Orazio, la Chicca e la Cabesita

In casa nostra gli animali che arrivano sono sempre casi da servizio sociale; d'altra parte Bruna, di mestiere, ha fatto l'assistente sociale.

Stavo facendo gli esami di stato in provincia di Mantova quando mi arrivò la notizia, da Daniela, di essere riuscita a convincere la mamma a portare a casa l'Orazio. Voi non preoccupatevi che tanto poi io me ne vado in Toscana e lo porto con me.

Credo che fosse l'estate del 99 e nella nostra famiglia si stava per fare un passo importante: dai soli gatti a cani e gatti. Daniela stava finendo veterinaria e da tempo faceva la volontaria al canile dell'ENPA di Monza; pulizie, ma anche sala chirurgica.

In canile c'era Orazio un incrocio tra un Husky e un lupoide (pelo nero folto e sottopelo grigio chiaro), maschio sui 7 anni, in canile da 3 dopo essere stato sequestrato ad un padrone che l'aveva sempre tenuto alla catena.

Non si riuusciva ad affidarlo perché era considerato un cane caratteriale. Assomigliava un po' ai cani dei film tratti dai romanzi di Jack London (tipo Zanna Bianca e Il richiamo della foresta) e, in effetti, non abbaiava ma ululava.

Incominciammo ad andare a trovarlo e a portarlo fuori a fare delle passaeggiate lungo il canale. Dopo essere stato per anni in un box di cemento, non gli pareva vero di uscire. Teneva la cacca il più possibile e, come si usciva, per il primo quarto d'ora era un fermarsi continuo a farla lungo le sponde del Villoresi.

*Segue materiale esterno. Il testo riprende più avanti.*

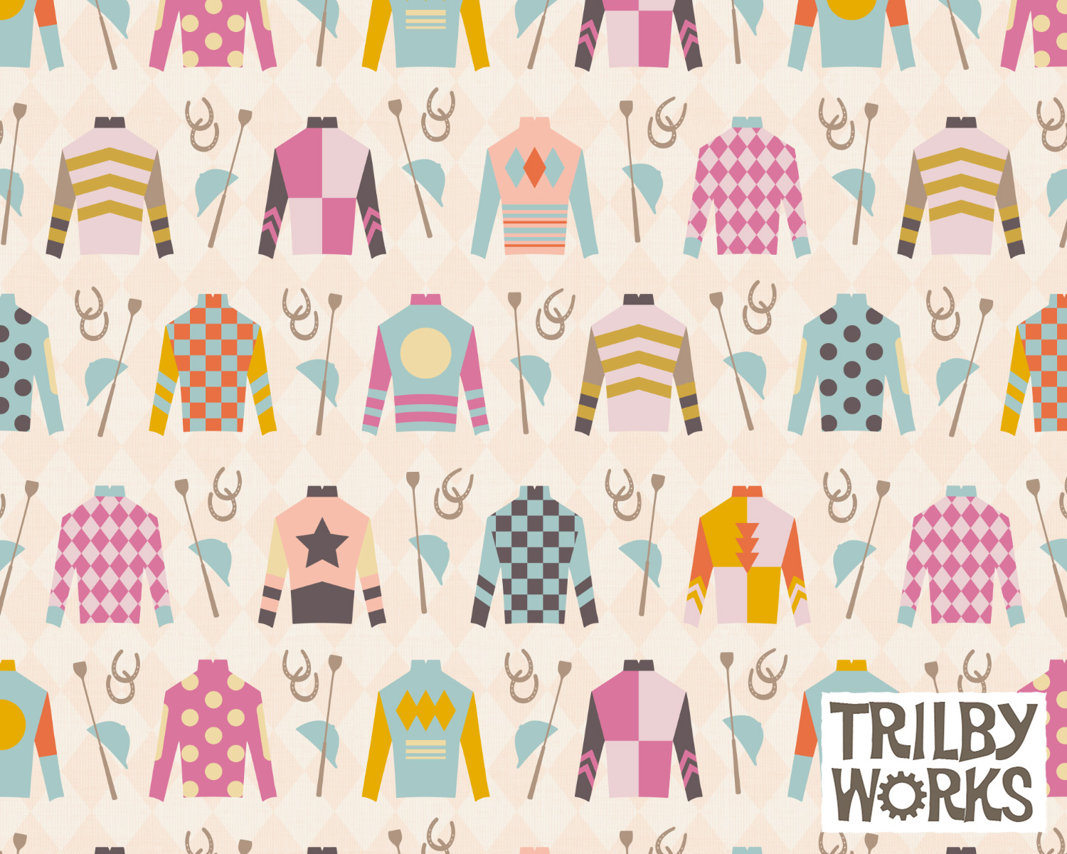 Sometimes a design that you enjoyed making but weren’t sure of its appeal will sneak up and surprise you by becoming a best seller in your shop. And that’s exactly what happened with my “Lucky Charm Horse Racing Jockey Silks” pattern at Spoonflower.

Così, ad un certo punto, è arrivato a casa. E' stato a Villasanta facendosi qualche inverno sul terrazzo coperto di via Mantegna. Gli avevo fatto una grossa cuccia sotto un tavolo di legno quadrato, utlizzando cartoni da imballo, su più strati, come pareti e come pavimento. Sul davanti c'era un foro per l'ingresso e anche una tenda di lana: una cuccia larga e calda e, anche quando fuori andava sotto zero, se mettevi la mano nella cuccia si sentiva un bel caldino.

Poi è venuto in Toscana; Daniela stava, da sola, a Castello di Tocchi in una casa in pietra, riscaldata solo con il camino e lavorava a Siena dalla mattina alla sera. Orazio le faceva compagnia e di giorno stava sul terrazzo sopra la clinica. La sera le capitava di addormentarsi su un minidivano davanti al camino e lui di fianco.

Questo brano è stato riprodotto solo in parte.